══ RECORDS PROVIDED ══

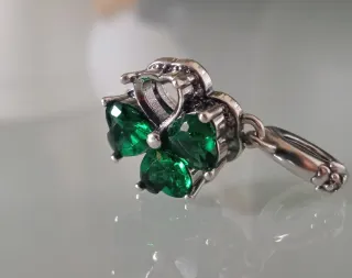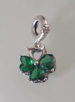 Vendo elegante charm de plata en forma de trébol de cuatro hojas y cristales verdes brillantes. Su diseño giratorio aporta un efecto dinámico y simboliza buena suerte y energía positiva. Ideal para pulseras o collares, perfecto como regalo o para complementar tu estilo diario. - Diseño de trébol de la suerte. - Elaborado en plata. - Engastado con piedras verdes. - Sello S925.
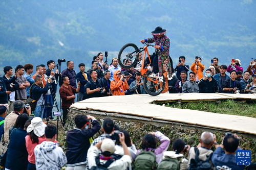 4月26日,表演者在貴州省從江縣加榜梯田的梯田走秀活動上展示車技。(新華社記者 楊文斌 攝)
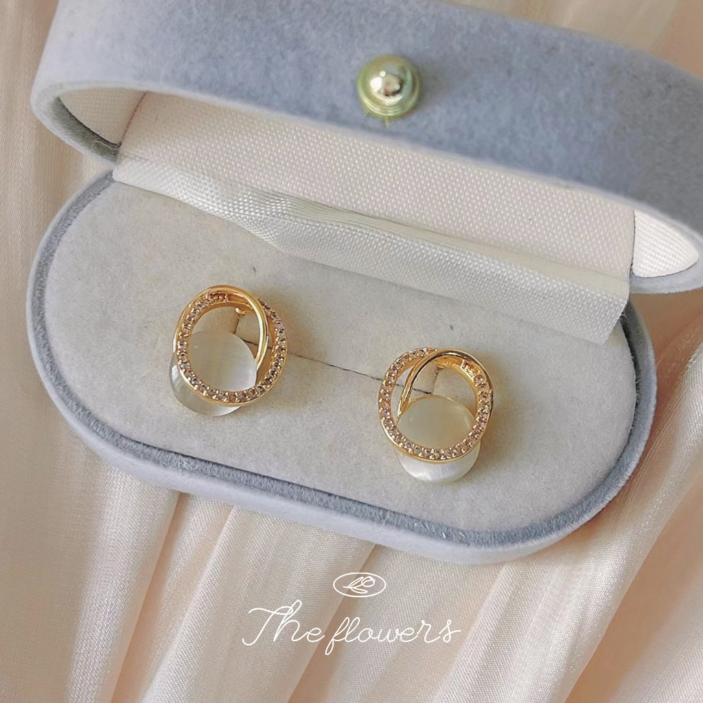 フレンチライトラグジュアリーホワイトガラスキャッツアイ気質イヤリング通勤多用途エレガントマイクロ象嵌ジルコンハイエンドイヤリング
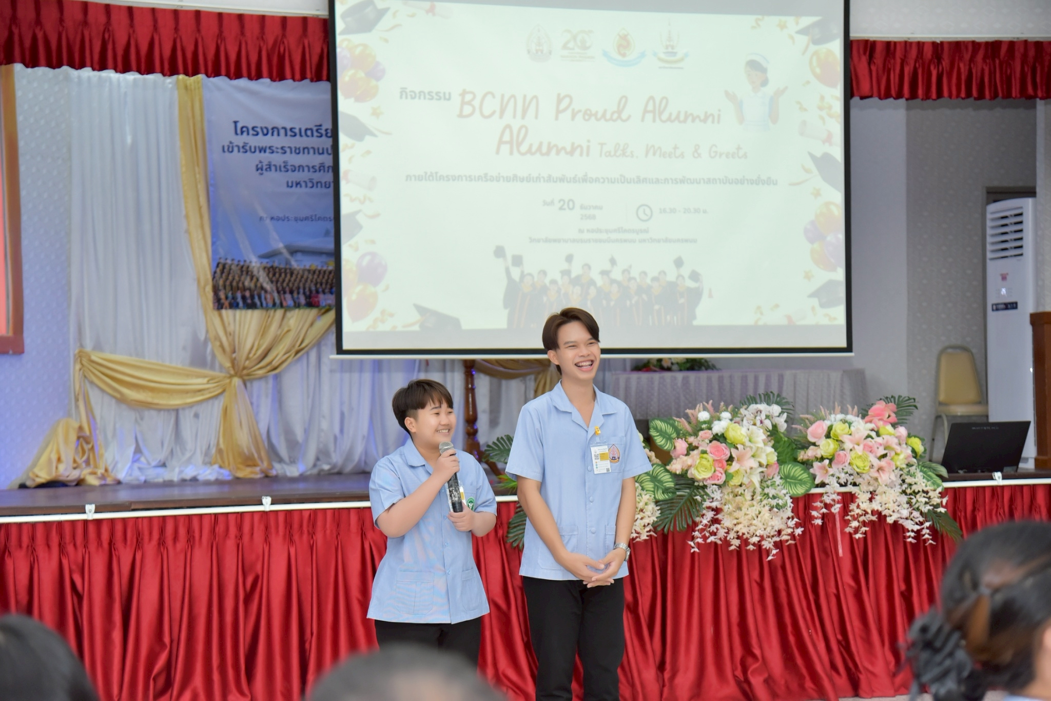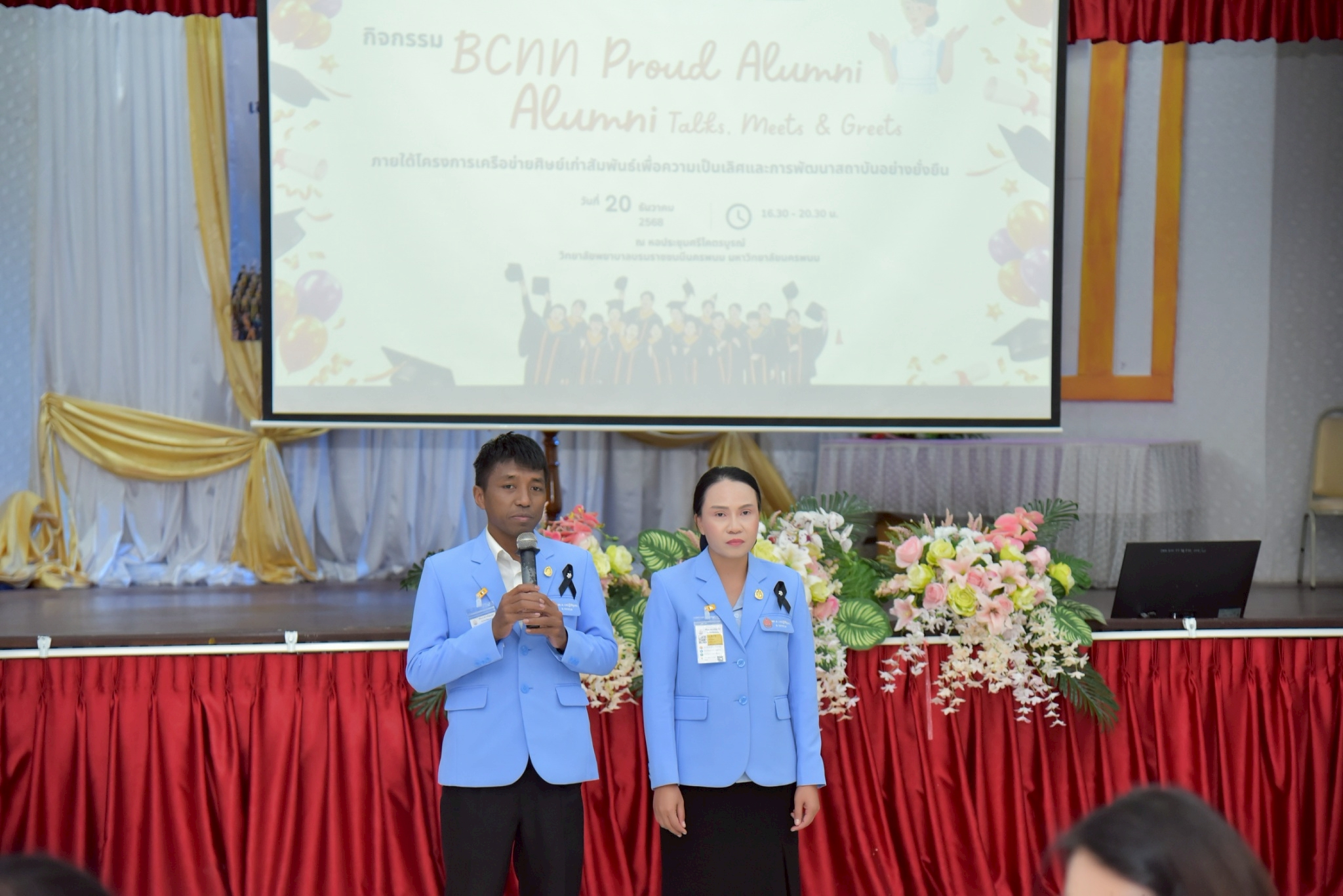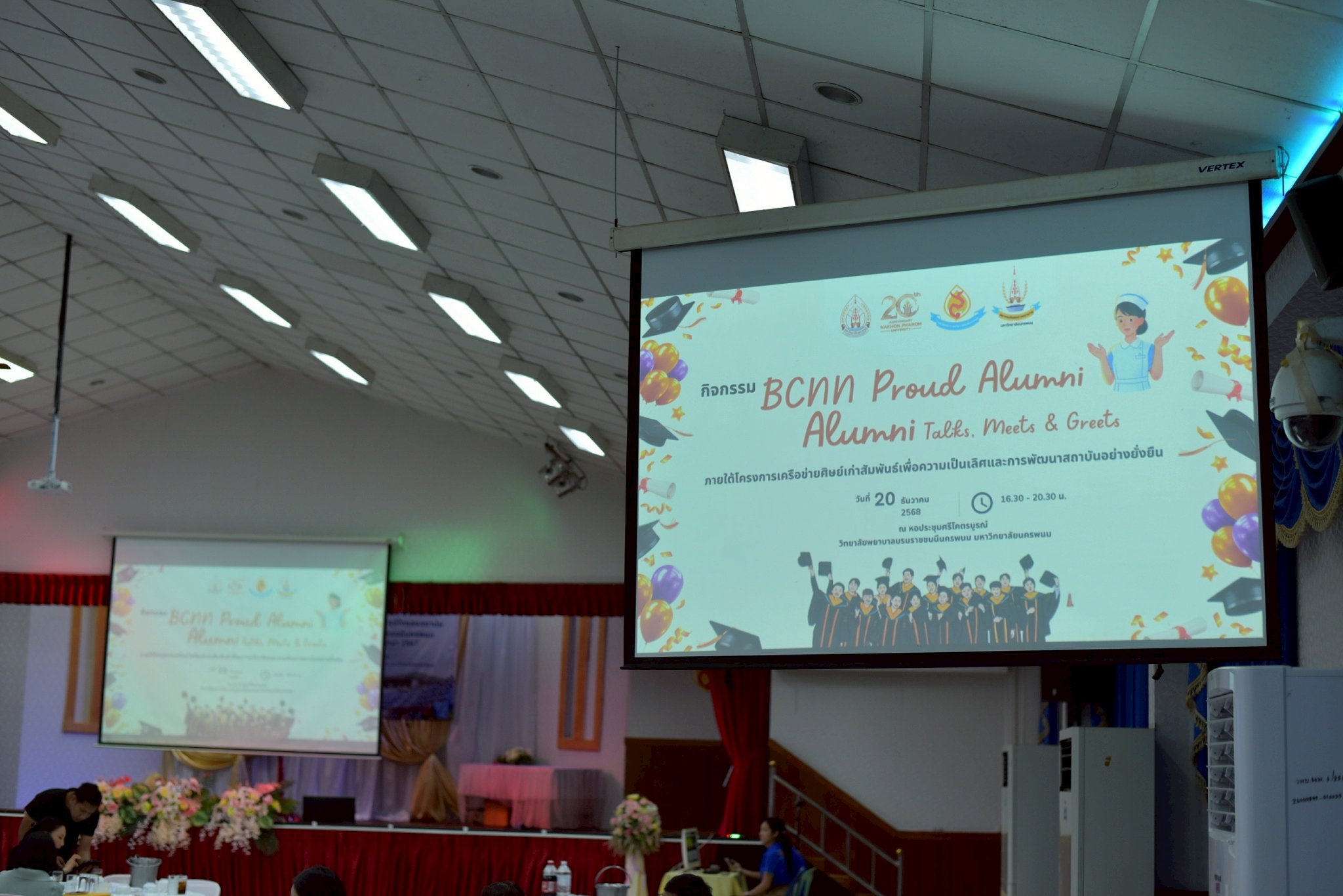 วันที่ 20 ธันวาคม 2568 ฝ่ายพัฒนานักศึกษาและวิเทศสัมพันธ์ ร่วมกับคณะกรรมการสโมสรนักศึกษาวิทยาลัยพยาบาลบรมราชชนนีนครพนม มหาวิทยาลัยนครพนม จัดกิจกรรม BCNN Proud Alumni: Alumni Talks, Meets & Greets ภายใต้โครงการเครือข่ายศิษย์เก่าสัมพันธ์เพื่อความเป็นเลิศและการพัฒนาสถาบันอย่างยั่งยืน ณ หอประชุมศรีโคตรบูรณ์ วิทยาลัยพยาบาลบรมราชชนนีนครพนม มหาวิทยาลัยนครพนม
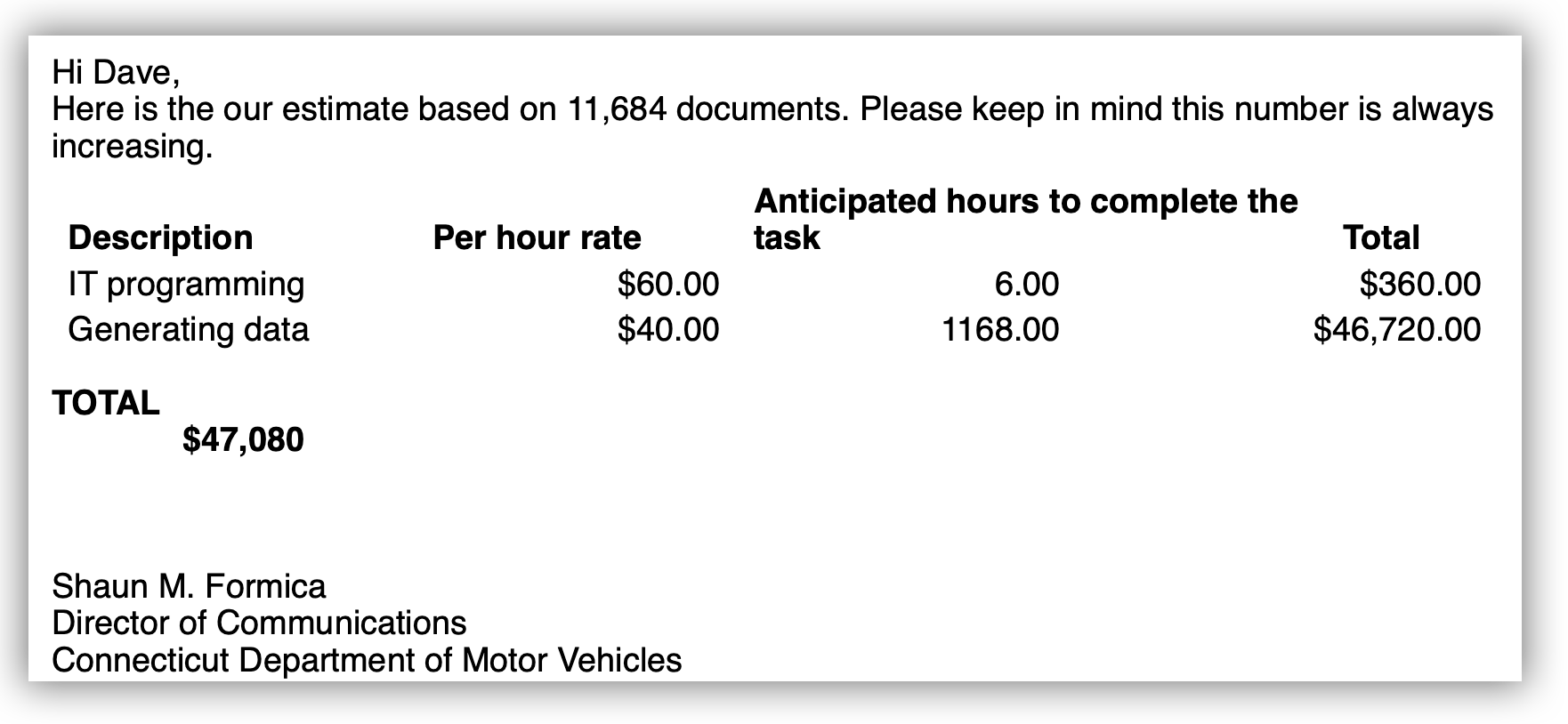 After asking the DMV to produce an itemized accounting of the $47,000 bill, we asked our attorney to appeal to the Freedom of Information Commission. Our attorney negotiated a compromise in April 2023. We agreed to pay $1,900 to cover the agency’s costs of redacting thousands of documents our request entailed.
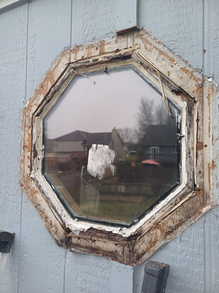 We removed this severely deteriorated octagon window, including the rotten exterior frame and failing sealant, and installed a brand‑new, energy‑efficient unit in its place. The new window is properly flashed, sealed, and trimmed, providing a clean updated look and long‑term protection against moisture and drafts.
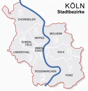Cologne is divided into 9 districts (Stadtbezirke), numbered from 1 to 9. Stadtbezirk 1, called Innenstadt ("inner city"), is probably the one most tourists will spend all of their time in, as it contains most of the city's points of interest. It is also the only district that lies on both sides of the Rhine, as it includes Deutz. Districts 2, 3, 4, 5 and 6 are on the western bank of the Rhine, and districts 7, 8 and 9 on the eastern bank, surrounding the Innenstadt.

═══

YOUR TASK -
Could you reproduce every record above exactly, leaving out the pictures?

SOLUTION -
 Vendo elegante charm de plata en forma de trébol de cuatro hojas y cristales verdes brillantes. Su diseño giratorio aporta un efecto dinámico y simboliza buena suerte y energía positiva. Ideal para pulseras o collares, perfecto como regalo o para complementar tu estilo diario. - Diseño de trébol de la suerte. - Elaborado en plata. - Engastado con piedras verdes. - Sello S925.
 4月26日,表演者在貴州省從江縣加榜梯田的梯田走秀活動上展示車技。(新華社記者 楊文斌 攝)
 フレンチライトラグジュアリーホワイトガラスキャッツアイ気質イヤリング通勤多用途エレガントマイクロ象嵌ジルコンハイエンドイヤリング
 วันที่ 20 ธันวาคม 2568 ฝ่ายพัฒนานักศึกษาและวิเทศสัมพันธ์ ร่วมกับคณะกรรมการสโมสรนักศึกษาวิทยาลัยพยาบาลบรมราชชนนีนครพนม มหาวิทยาลัยนครพนม จัดกิจกรรม BCNN Proud Alumni: Alumni Talks, Meets & Greets ภายใต้โครงการเครือข่ายศิษย์เก่าสัมพันธ์เพื่อความเป็นเลิศและการพัฒนาสถาบันอย่างยั่งยืน ณ หอประชุมศรีโคตรบูรณ์ วิทยาลัยพยาบาลบรมราชชนนีนครพนม มหาวิทยาลัยนครพนม
 After asking the DMV to produce an itemized accounting of the $47,000 bill, we asked our attorney to appeal to the Freedom of Information Commission. Our attorney negotiated a compromise in April 2023. We agreed to pay $1,900 to cover the agency’s costs of redacting thousands of documents our request entailed.
 We removed this severely deteriorated octagon window, including the rotten exterior frame and failing sealant, and installed a brand‑new, energy‑efficient unit in its place. The new window is properly flashed, sealed, and trimmed, providing a clean updated look and long‑term protection against moisture and drafts.
Cologne is divided into 9 districts (Stadtbezirke), numbered from 1 to 9. Stadtbezirk 1, called Innenstadt ("inner city"), is probably the one most tourists will spend all of their time in, as it contains most of the city's points of interest. It is also the only district that lies on both sides of the Rhine, as it includes Deutz. Districts 2, 3, 4, 5 and 6 are on the western bank of the Rhine, and districts 7, 8 and 9 on the eastern bank, surrounding the Innenstadt.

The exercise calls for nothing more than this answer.